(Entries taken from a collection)
■ ■ ■ ■ ■

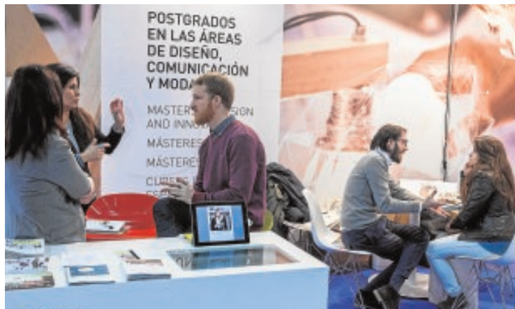
Los centros especializados detallan su oferta a los visitantes

Cuenta con la novedad de «Open Campus», por la que los asistentes conocerán propuestas para impulsar la empleabilidad y el emprendimiento, con orientación sobre las salidas profesionales y los perfiles más demandados. Destacan propuestas como el «Espacio Social + Green», enfocado al emprendimiento ambiental y social, y una especial atención a las competencias digitales. «Taller de desarrollo personal y profesional», «Taller de diseño de modelo de negocio» y «Comunicación digital para start-ups» son algunos de los encuentros organizados para esta nueva modalidad.
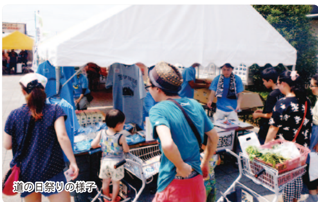
道の日祭りの様子

開催日 平成 28 年 8 月 6 日 (土) 場 所 道の駅「いちごの里よしみ」/吉見町
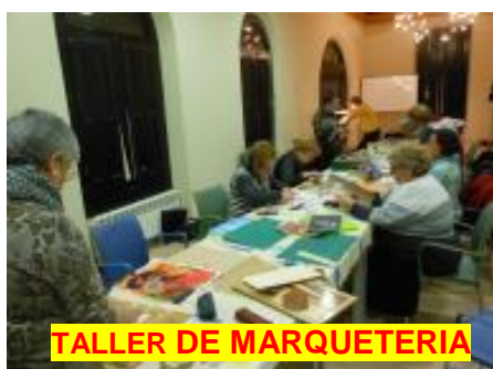
TALLER DE MARQUETERIA
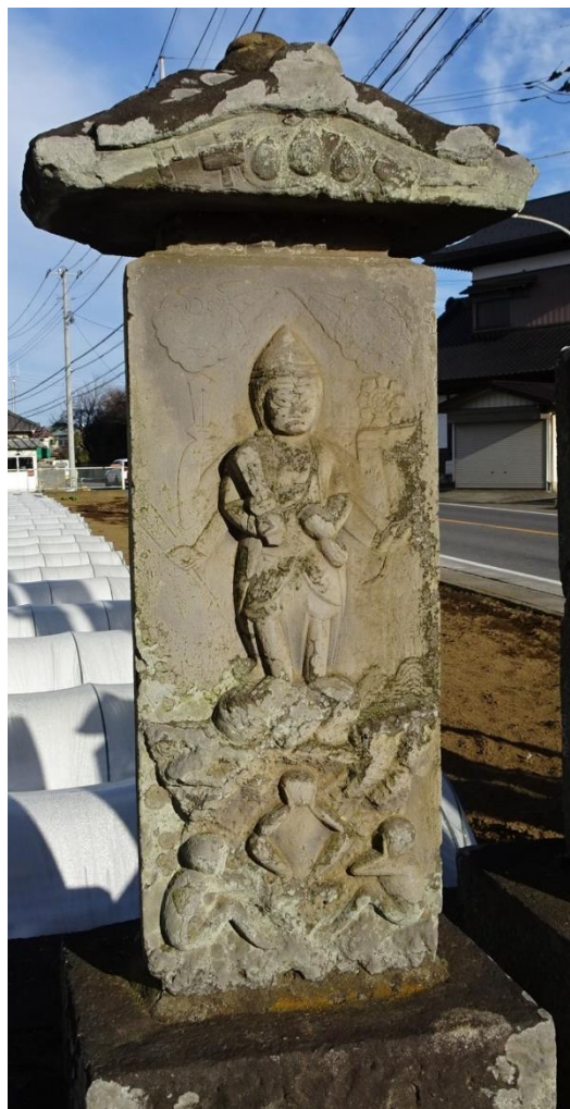
寛延3年(1750)佐山庚申塚
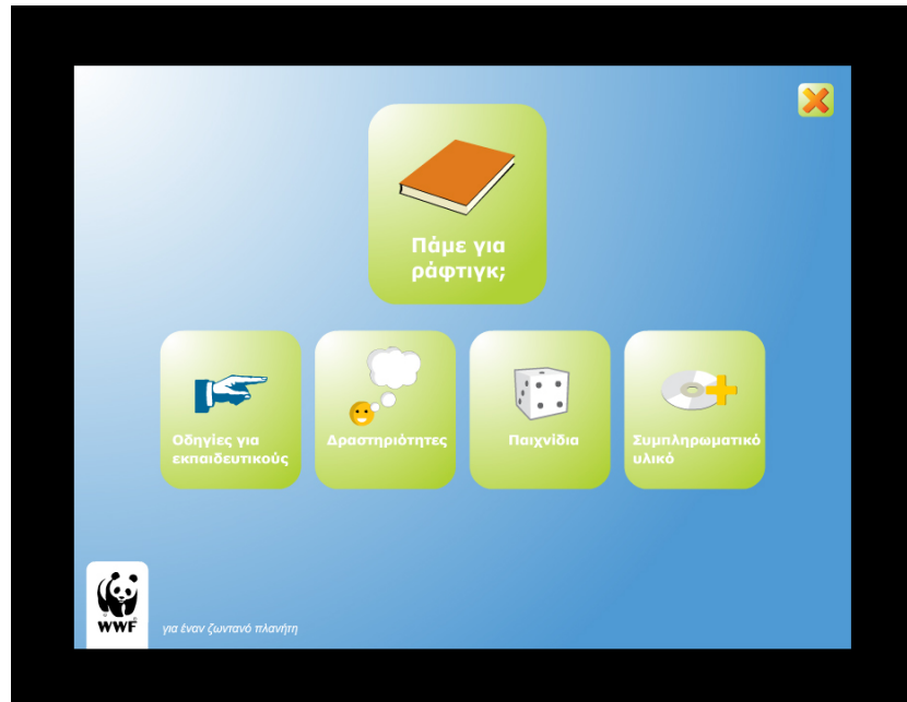
Εικόνα 1. Το βασικό μενού του CD rom «Το Κλίμα είναι στο Χέρι σου». Εύληπτη δομή του υλικού και φιλικότητα προς τον χρήστη.

και βίντεο. Στο «Συμπληρωματικό υλικό» περιλαμβάνονται (α) corpus δημοσιευμάτων για την κλιματική αλλαγή, (β) βιβλιογραφία, χρήσιμες διευθύνσεις στο Διαδίκτυο και σύντομη περιγραφή του περιεχομένου τους καθώς και στατιστικά στοιχεία, (γ) γλωσσάρι με πλήρη κατάλογο των επιστημονικών όρων που σχετίζονται με την κλιματική αλλαγή και επεξήγησή τους με όσο το δυνατό απλούστερη γλώσσα.
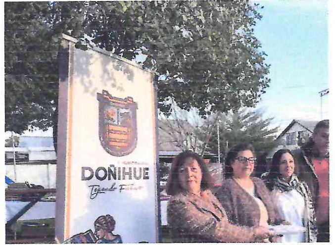
Ceremonia 8%, Villa Sor Teresa, Lo Miranda
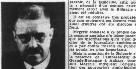
M. ROLF WITLING, le nouveau Ministre des Affaires étrangères de Finlande.

Berlin, 9. — Dans un article intitulé « Pleins pouvoirs pour Staline », Karl Megerlé, collaborateur du « Berliner Boersen-Zeitung », pour la politique étrangère, s'occupe de la concession faite par l'Angleterre à l'Union Soviétique concernant la prédominance en Europe.
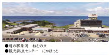
●道の駅象潟 わむの丘 ●観光拠点センター にかほっと
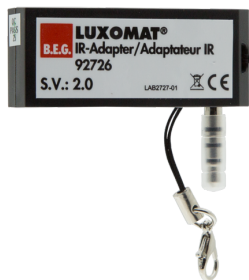
Adaptador IV para smartphones Número: 92726

Dimensões: 40 x 55 x 103 mm Cor do material: Preto Frequência: 2.4 GHz Banda ISM , GFSK 0.2 dBm + 5.3 dBi = 5.5 dBm
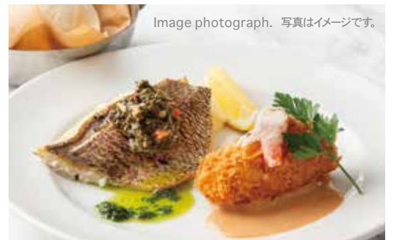
Today's Fish Plate with Bread 本日のフィッシュプレート (ブレッド付き) 1,800
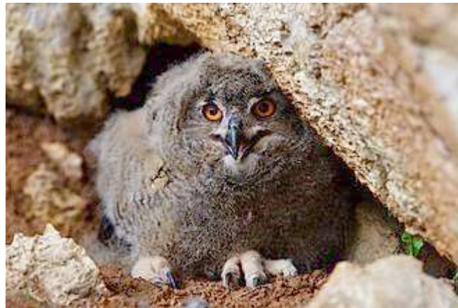
Hibou grand duc d'environ 4 semaines

Tu sais déjà beaucoup de chose... tu veux en connaître plus sur ma vie de famille ? Et bien, moi Bubo bubo je vis en moyenne 20 ans. Je suis uni en couple pour la vie. Ma femelle pond entre un et quatre œufs à la fin de l'hiver. A l'automne, les jeunes quittent le nid.
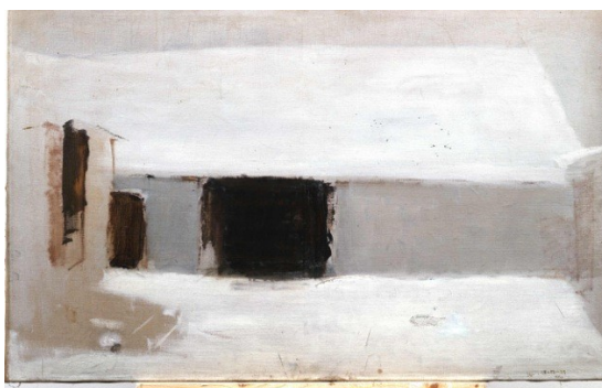
Oluf Høst: Nyfalden sne (1938)

Det samme foredrag afholdes onsdag aften 4/4 i Sognegården (se side 22).
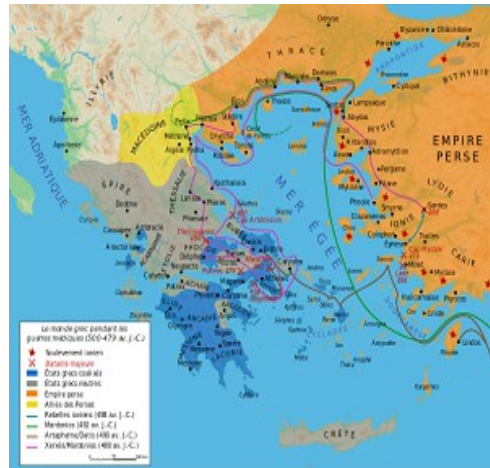
L'Empire Perse vers -490.

Au début du Vème siècle, les cités grecques durent affronter une nouvelle menace : au cours de la Première Guerre médique, en – 490 , les armées de l'immense et puissant Empire perse tentèrent d'envahir la Grèce. Une cité joua un rôle capital dans la victoire contre les Perses: Athènes : le général athénien Miltiade remporta une nette victoire dans la plaine de Marathon (-490) contre les Perses. Le stratège athénien Thémistocle fit construire ensuite 200 trières et fortifier le port du Pirée . Lors de la Seconde Guerre médique , les Athéniens jouèrent un rôle majeur à Salamine , théâtre en -480 d'une bataille navale décisive. Cette victoire avait été précédé de quelques semaines de l'exploit des spartiates aux Thermopyles . La victoire terrestre de Platée en -479 offrit aux Grecs un ultime succès qui mit un terme aux Guerres médiques . Athènes domina ensuite une grande partie du monde grec : de nombreuses cités intégrèrent la ligue de Délos , dominée et dirigée de fait par Athènes.
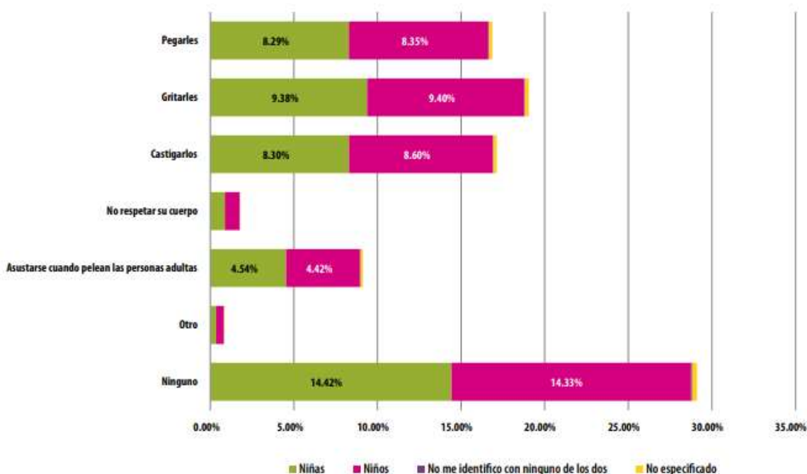
Gráfica 44. ¿Has escuchado o visto que a las niñas y a los niños los traten mal? (grupo de 3 a 5 años, por identidad sexogenérica)

Como se puede observar, de conformidad con el análisis realizado por el INE sobre dicha consulta, el 29.10% de quienes participaron en la CIJ 2021 en este rango de edad señalan no ser testigos de maltrato hacia niñas y niños. En segundo lugar, aparece el presenciar gritos (19.05%); en tercer lugar, castigos (17.13%) y, en cuarto, golpes (16.87%). Niñas y niños de 3 a 5 años dicen asustarse cuando pelean las personas adultas (9.12% de quienes respondieron). Se debe mencionar que un total de 10,700 participantes en este segmento (1.79%) expresan haber visto que no se respeta el cuerpo de niñas y niños. Para el grupo de 6 a 9 años es de gran interés la pregunta que se refiere a demandas concretas de las y los participantes en la CIJ 2021, para quienes comparten su vida cotidiana en el tema de su cuidado (como se observa en la gráfica 45.a). Se marcaron en las
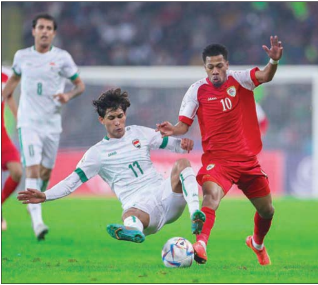
من المواجهة التي جمعت العراق وعمان أمس

■ ■ ■ ■ ■

The problem -> Return every line of the records in which the word "pour" is found.

Output for this exercise ->
Berlin, 9. — Dans un article intitulé « Pleins pouvoirs pour Staline », Karl Megerlé, collaborateur du « Berliner Boersen-Zeitung », pour la politique étrangère, s'occupe de la concession faite par l'Angleterre à l'Union Soviétique concernant la prédominance en Europe.
Tu sais déjà beaucoup de chose... tu veux en connaître plus sur ma vie de famille ? Et bien, moi Bubo bubo je vis en moyenne 20 ans. Je suis uni en couple pour la vie. Ma femelle pond entre un et quatre œufs à la fin de l'hiver. A l'automne, les jeunes quittent le nid.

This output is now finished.